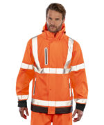 Scandinavian-styled hooded safety jacket in heavier-weight deluxe waterproof fabric with reflective printed safety bands.
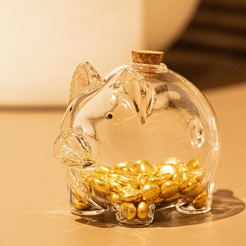 Glass Coin Bank Small Gold Bean Bank Swine Shape Decorative Saving Jar for Dressing Table Bookshelf Commemorative Coin Container
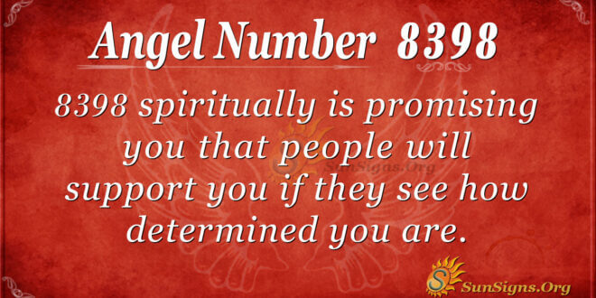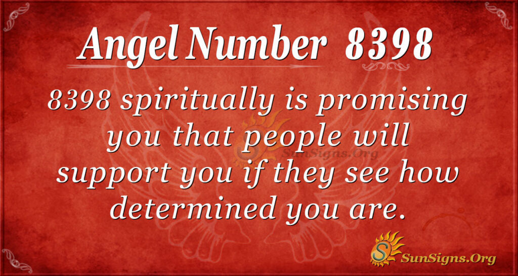 8398 Symbolism reveals that you need to choose your friends wisely. Your friends will help you achieve your goals or destroy what you have already built. You have the power to choose who to associate with. Do not be a people pleaser.

********

(Exercise details): Each line from the first line of the listing through the line with "Glass Coin Bank" must be printed exactly, both ends included, and no picture may appear.

(Reply to the exercise):
 Scandinavian-styled hooded safety jacket in heavier-weight deluxe waterproof fabric with reflective printed safety bands.
 Glass Coin Bank Small Gold Bean Bank Swine Shape Decorative Saving Jar for Dressing Table Bookshelf Commemorative Coin Container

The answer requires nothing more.